What’s a “Strong Reader”?: Looking Beyond Assessment Numbers
Laura Alvarez is an 8th grade English teacher at Melrose Leadership Academy in Oakland Unified School District. In the third of her series of three connected blog posts, Laura discusses how looking at video data of student book groups prompted her to think in a more nuanced way about what makes a “strong” reader.
Listening to students’ conversations all year confirmed that the SRI was just one window into their reading abilities and that for some, like Elisa and Alejandro (described in my previous post), it was very incomplete.
The Boy in the Striped Pajamas has a Lexile score of 1080, far above Elisa and Alejandro’s May SRI scores of 751 and 687, respectively, but they were able to successfully engage with the text collaboratively. During this time, many of my stronger readers with lexile scores above 1000 were struggling with The Book Thief, which has a lexile score of only 730.
This led me to wonder what a Lexile score actually is and how a 30-minute computerized SRI test assigned them to my students. According to its creators, “A Lexile text measure is based on the semantic and syntactic elements of a text.” They caution that other factors affect how readers relate to books, including the book’s content and format and the reader’s interest, and that a lexile measure is only a starting point for selecting books.
This caution is essential. As teachers, we’re often given assessment results as if they are some holy grail, some magical window into our students’ true capabilities. An easily administered computer test, like the SRI, which prints out neat reports with the click of mouse and efficiently allows us to group students, is very alluring. But reading is complex, and we really can’t open up kids’ brains to see what’s going on when they interact with text. The best we can do is open up little windows to peak through.
While the SRI is one window and an easy one to collect, I found that perhaps a more accurate picture was actually listening to students as they talked through their questions about a text– once we got to the place where they were “clarifying the text”, not just the story, for each other. It’s much messier and more time consuming to collect and analyze, but an important picture of their abilities as readers, especially with the Common Core’s emphasis on text-based academic discussion and making evidence-based claims. Clearly, if we want to see how well students are able to do this, we need to assess them as they actually perform this skill.

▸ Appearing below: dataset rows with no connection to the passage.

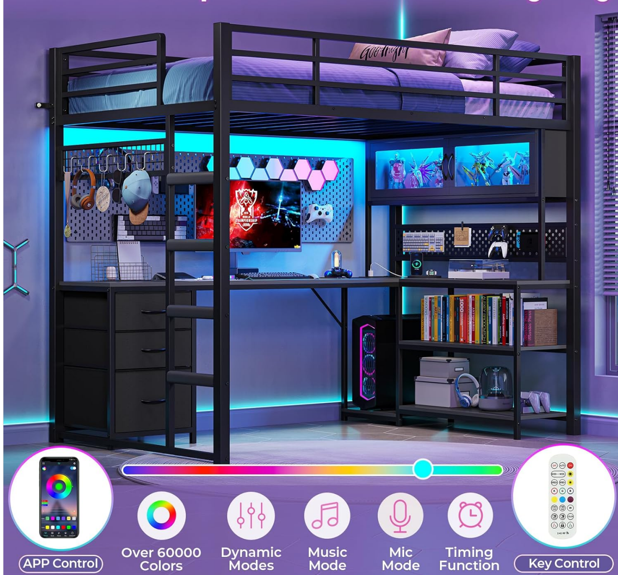
Figure 5.4: The RGB ambient lighting system, illustrating control options via mobile app and remote, with various color and mode capabilities.
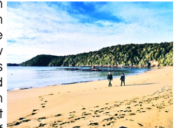
Strolling along one of Ulva Islands beautiful unspoiled beaches

New Zealand has recently recognised yet another South Island gem that epitomises everything that is special about the country. Clean air, dense green countryside, kiwi birds in the wild, and a little slice of New Zealand as it was decades ago – undeveloped and unspoilt. But by definition such places are hard to get to and you need a bit of inside knowledge to know how to organise it.
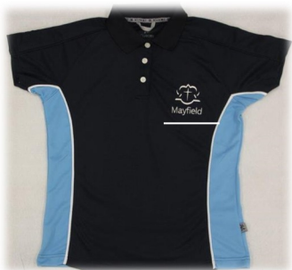
Tape on the outside
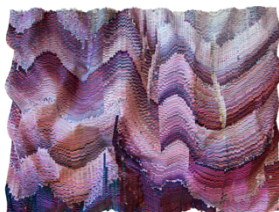
© Kenny Nguyen, Infinite Dream No. 3, 2024. Hand-cut silk fabric, acrylic paint, canvas, mounted on wall, 83 x 114 inches.
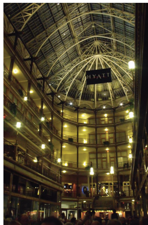
The Hyatt Arcade
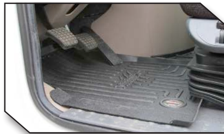
Figure 7 - Driver Mat in Position

8. Inside the package with the installation instructions, locate a black plastic retention hook as well as a white tube of Primer 94 as shown in Figure 8.
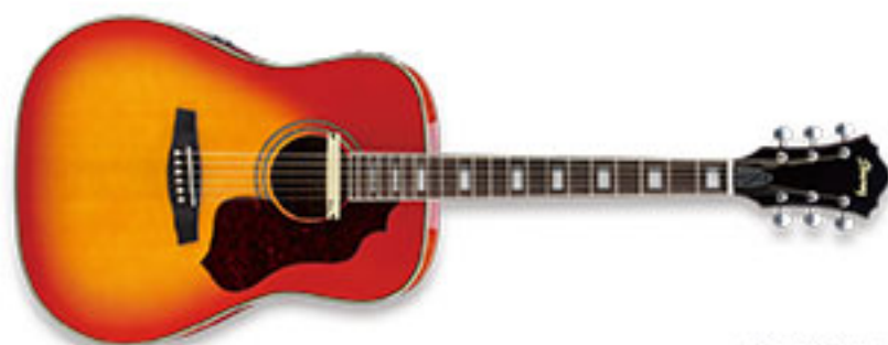
CS (Cherry Sunburst High Gloss)

SAGE There is no rule that your first guitar can't sound and look great. The Sage features large, classic pickguards that contribute to the Sage's understated vintage styling. The specially designed AP3 magnetic pickup produces a fuller, warmer sound. In appearance, sound, and playability, the Sage sets a new benchmark in entry-level guitars.
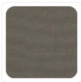
Tortora - 358
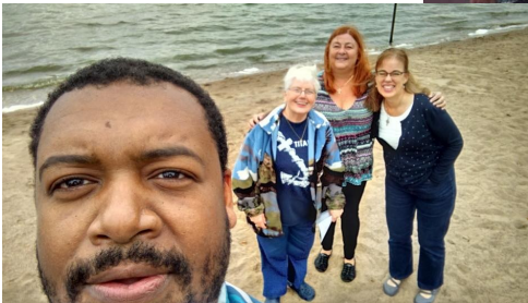
A few photos from the Scavenger Hunt on Sunday, October 16th. See all the pictures from the event on our FB page!
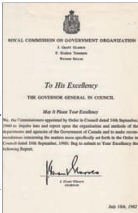
The Royal Commission on Government Reorganization

The focus upon efficiency that underlined several integration and unification initiatives was strongly reinforced by the implementation, in the early 1970s, of many recommendations of the influential Management Review Group study, the most notable being the merging of the CF and department headquarters into NDHQ. 34 During the 1980s and 1990s, faced with dwindling budgets, successive draconian cutbacks, and pressure from government central agencies, increasingly Defence adopted business practices, and accelerated the centralization of resources and the privatization of non-core defence functions to achieve more efficiency. As one expert on public administration observed, "[t]he political leadership virtually everywhere in the western world...concluded that management practices in the public sector should emulate the private sector or simply privatise the function." 35 The 'management era' reached its high-water mark in Defence with the 1997 MCCR initiative,
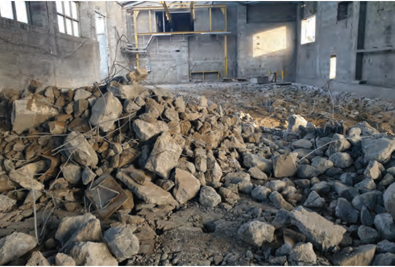
The demolition work progresses

classified into different grain groups. The material is also washed to separate fine raw materials, such as clay or other contaminants. The processing plant for raw materials provides Mii Dvir with huge advantages over competitors, as it allows them to buy wider range of raw materials, out of which specific types of material can later be extracted. This is particularly important in the Ukrainian market, as the quality of the material supplied may fall below the minimum requirements. Additionally, the supply of specific grain groups is limited in the local market, so Mii Dvir has to produce the required grain groups on its own. With this investment, Mii Dvir is now able to supply itself with a wider range of materials that are of higher quality than those readily available to the rest of the market.
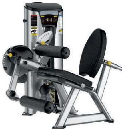
LEG CURL + EXTENSION
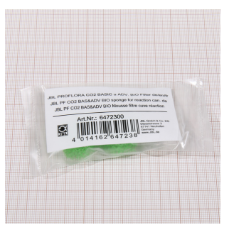
JBL PF CO2 BIO REAKTOR filter
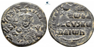
2208 Nicephorus II Phocas AD 963-969. Constantinople Follis Æ 26 mm, 7,65 g very fine 10
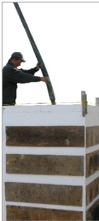
Some competitive ICF's strap corners with lumber for strength during concrete placement.

PROBLEM: Historically, Corner Blocks have proved to be very difficult for installing contractors to hold the corner positioning or actually holding concrete during the consolidation process. Contractors have resorted to inserting internal ties, external strapping and bracing to gain needed strength. This adds cost in additional materials and man-hour rates.

The more troubling question for me is how our pictures of students’ competencies as readers are created over time and what consequences they have. Earlier I wrote that students with lower SRI scores were more successful in more homogeneous groups, but were these really homogeneous groups? In reality, they were groups with peers who, from my teacher view of the class, seemed to have lower academic status as readers or students in general, both in the eyes of other students and teachers.
However, in some cases, their SRI scores were just as high as their peers or, like Alejandro, they showed competence in their reading group performance that contradicted their scores. The question then is how to combat this low status so that we, as teachers, do not turn the incomplete windows that SRI data–or other test scores–provide into walls that limit students’ educational opportunities.
I haven’t found an answer, and doubt that a simple one exists, but using multiple sources of data can give us a more complete picture of students’ competencies. Instead of limiting students to text within their lexile range, data from audio recordings and my observations helped me provide responsive scaffolding to support their collaborative grappling with challenging text.